Мне довелось на протяжении многих лет встречаться и общаться с Леонидом Ивановичем в Москве, в Иркутске и на берегах Байкала, куда мы однажды втроем — Бородин, я и его иркутский племянник Олег — рванули на Олеговой машине. Стояла умопомрачительная байкальская осень с пронзительным солнцем и водой, кажется, бегущей по всему земному шару, так она широко разбегается перед глазами. Иногда начало октября на Байкале бывает удивительно мягким и по-летнему теплым, даже можно купаться, не боясь простыть, потому что байкальская вода не враждебна здоровью, а воистину целебна.
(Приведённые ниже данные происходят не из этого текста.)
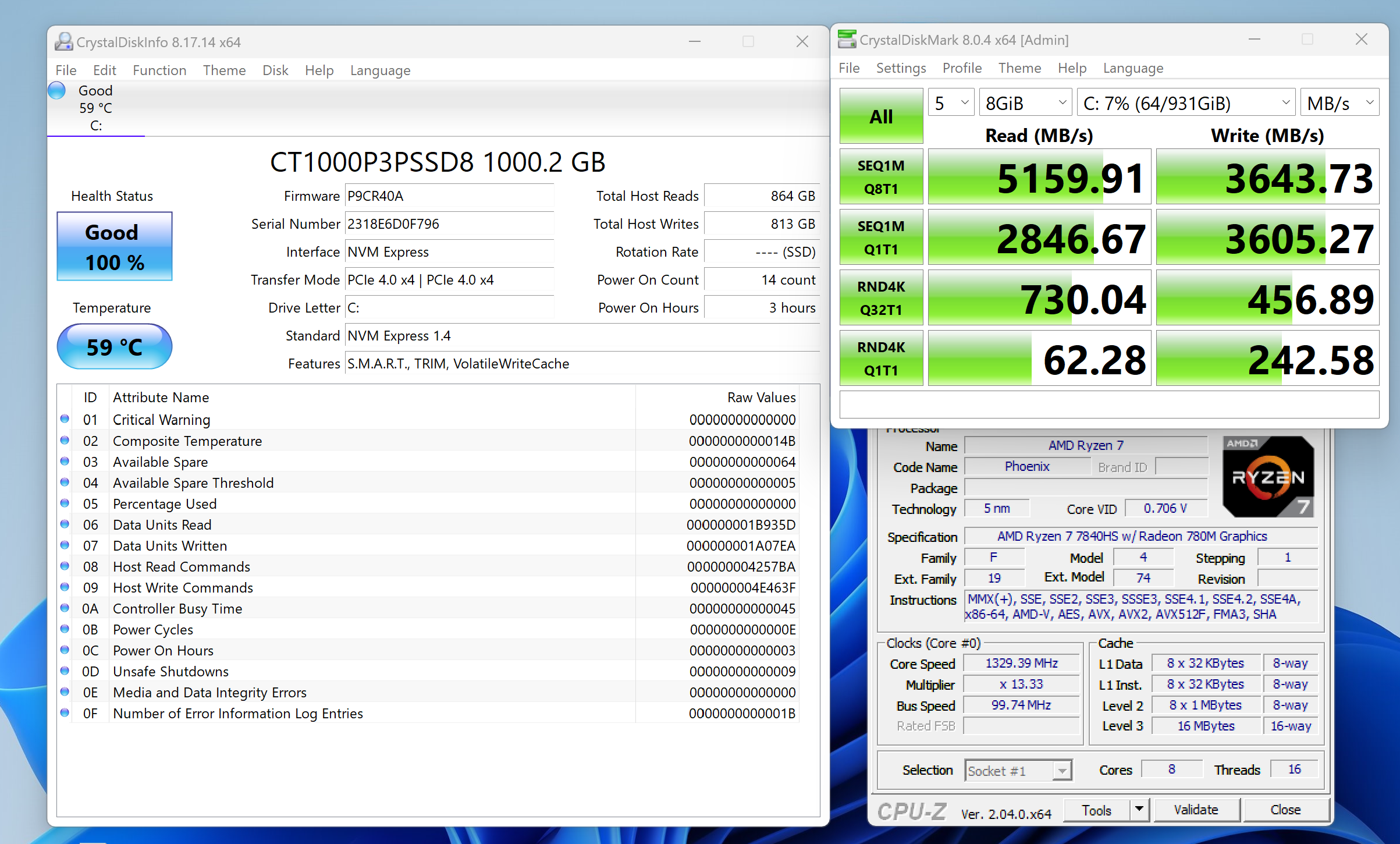 Beelink GTR7 AMD Ryzen 7 7840HS CrystalDiskMark 1TB NVMe SSD
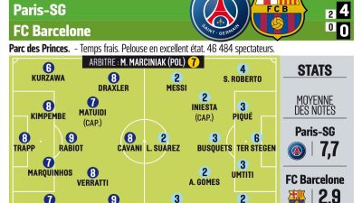 بدورها، ألقت صحيفة "ليكيب" الفرنسية الضوء على تقييم لاعبي كلا الفريقين، فمنحت ميسي ورفاقه درجتين أو ثلاثة من عشر درجات لكلٍ منهم في التقييم العام باستثناء تير شتيغين الذي نال 6 نقاط، وهو أمر لم يحدث من قبل، حيث لم يسبق للصحيفة الفرنسية الشهيرة أن منحت "ليو" هذا التقييم المتواضع.
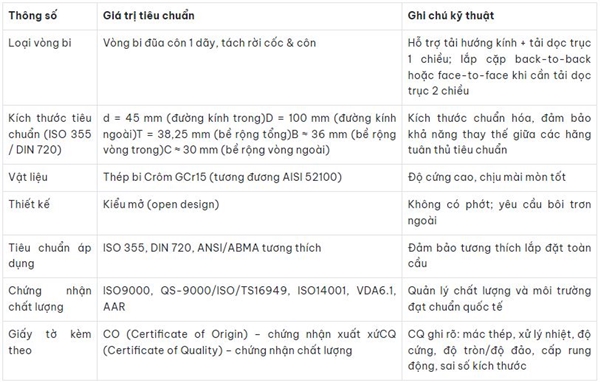 Kích thước tiêu chuẩn cho phép thay thế trực tiếp với 32309 của các hãng khác đạt ISO/DIN.
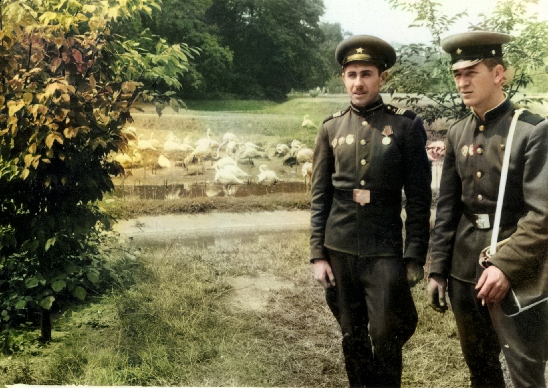 На берегу канала. На этом и последующих снимках мы можем видеть примеры ношения повседневно-полевой формы одежды образца 1956 года.
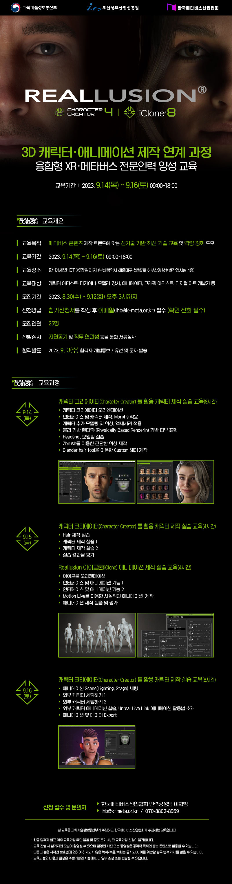 리얼루전 캐릭터 크리에이터 및 아이클론 툴 활용 리얼타임 캐릭터 제작 과정 교육생 모집
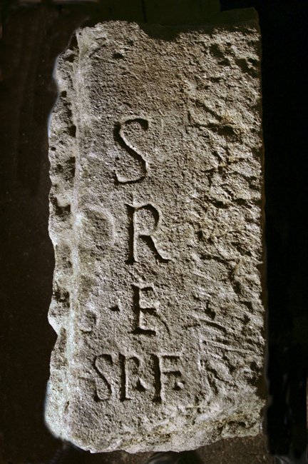 - ---] / [---] / [---]us / ---]or / [--- h(ic)] s(itus) e(st) / [---] Sp(uri) f(ilius) / [---
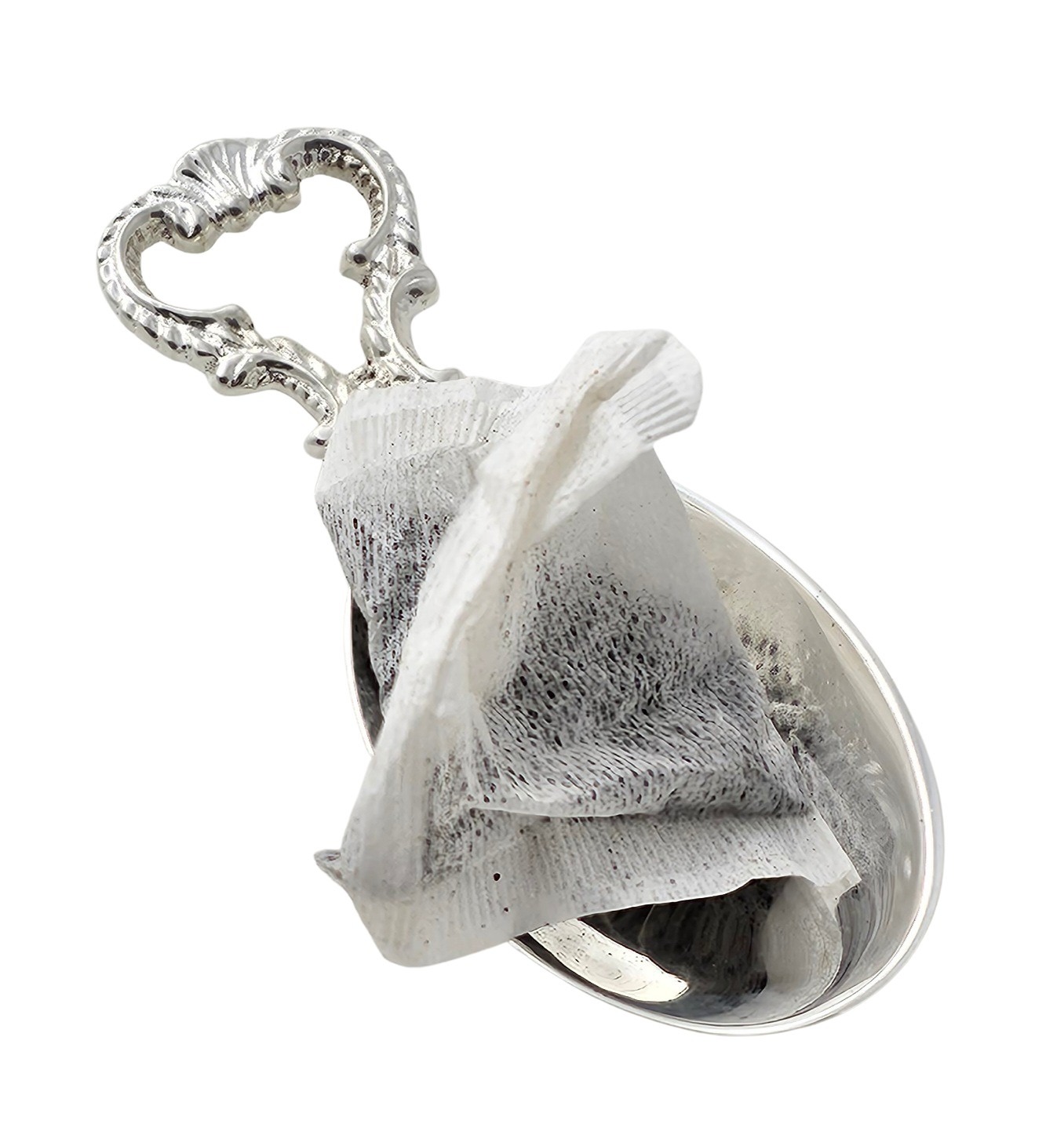 Elevate your tea time experience with our elegant Tea Bag Holder Spoon. Crafted from high-quality silver plate, this spoon features an intricate and elaborate handle design, adding a touch of sophistication to your collection. The peg base ensures stability and convenience, making it a perfect accessory for any tea enthusiast.
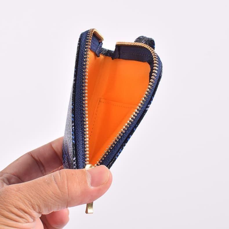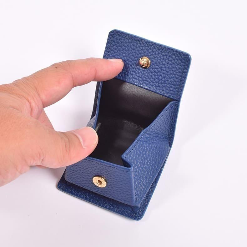 小さいポーチはシボ感のある本革を採用し、ブランドロゴの箔押しを施した高級仕様。独特なくたっとした柔らかな手触りがクセになります。柔らかいのでポーチの中を広げて見やすいのもポイントです。硬貨だったら20枚は難なく入れられて容量も◎。
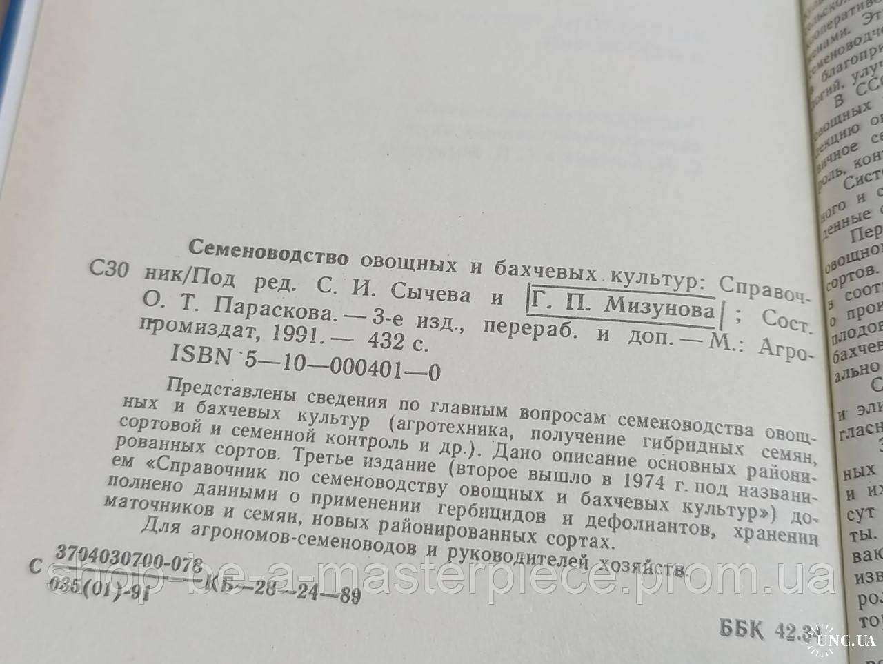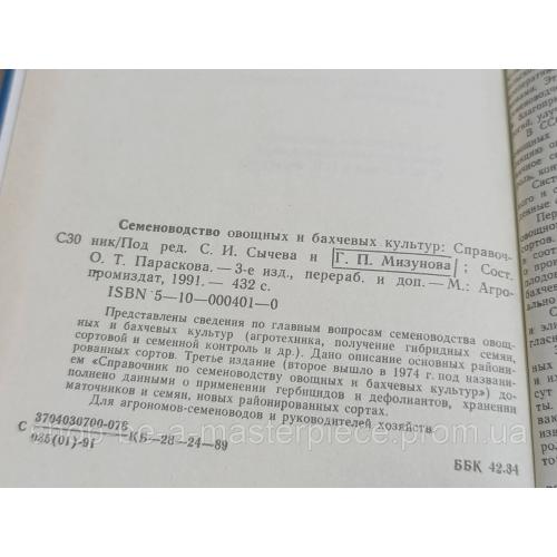 Семеноводство овощных и бахчевых культур: Справочник Под ред. С. И. Сычева и Г. П. Мизунова; Сост О. Т. Параскова 1991 Твердая обложка. Состояние идеальное 3-е изд., перераб. и доп. — М.: Агро-промиздат, 1991. — 432 с. Представлены сведения по главным вопросам семеноводства овощных и бахчевых культур (агротехника, получение гибридных семян, сортовой и семенной контроль и др.). Дано описание основных районированных сортов. Третье издание (второе вышло в 1974 г. под названием «Справочник по семеноводству овощных и бахчевых культур») до-полнено данными о применении гербицидов и дефолиантов, хранении маточников и семян, новых районированных сортах. Для агрономов-семеноводов и руководителей хозяйствОтветы продавца на ваши вопросы
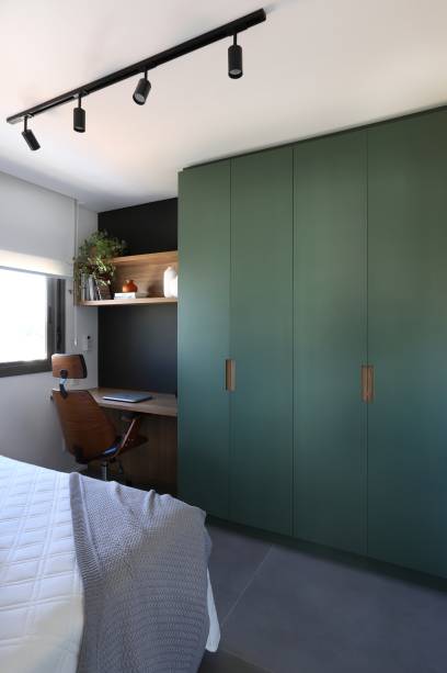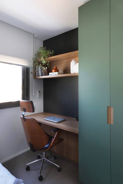 Um dos quartos foi transformado em home office, já que o jovem executivo realiza trabalhos híbridos (casa e empresa). Neste ambiente, os armários com cava em MDF Carvalho Hannouver harmonizando com o mesmo acabamento da estação de trabalho, ganharam revestimento em MDF na cor verde para manter luz e vivacidade no espaço onde se requer concentração. Já que a cor preta induz ao descanso.

Она пронзает нырнувшего в Байкал вспышкой холодного электричества, тысячами острых иголок охватывая все тело, и будто рождает тебя заново. Телу становится жарко, и даже если засвежит, подует ветерок, то он не знобит тебя, потому что тело горячо пылает, как будто растертое снегом. И вот какие чувства испытал маленький Леня от первой встречи с байкальской водой:

 

Я наконец пришел в себя и опрометью кинулся прочь из-под моста навстречу и в самые объятия чудесному туману. От моста пробежал не более двадцати шагов, как вдруг ноги мои обожгло. Не сообразив сразу, в чем дело, нагнулся и только тогда увидел воду. Когда же сделал несколько шагов назад, посмотрел перед собой и опять ничего не увидел, кроме белого тумана перед собой и везде впереди. Тогда я опустился на корточки и шажками стал подкрадываться к воде и обнаружил ее, притворившуюся тонким, светлым стеклышком. Зрение она могла обмануть, но осязание — нет! И когда я осторожно дотронулся до нее пальцами, она, словно устав от притворства, охотно расступилась, пропустив пальцы в свой нелетний холод, но замкнулась в стекло тотчас же, как только я убрал руку.

Долго я сидел на корточках и рассматривал камешки под стеклом, иногда вынимая тот или другой, словно проверяя, такие ли они в действительности, как видятся. Когда я поднял глаза, туман уже отступил достаточно далеко, хотя все еще стоял сплошной белой завесой, но все же отступал он уже прямо на глазах, и передо мной все больше и больше открывалось застекленное пространство, ни малейшим движением, ни единой морщинкой не выдававшее своей подлинной сути. И чем больше пространства открывалось впереди, тем упорнее создавалось впечатление громадного, бесконечного стекла, от ног моих уходившего к небу и перекрывшего всю остальную землю.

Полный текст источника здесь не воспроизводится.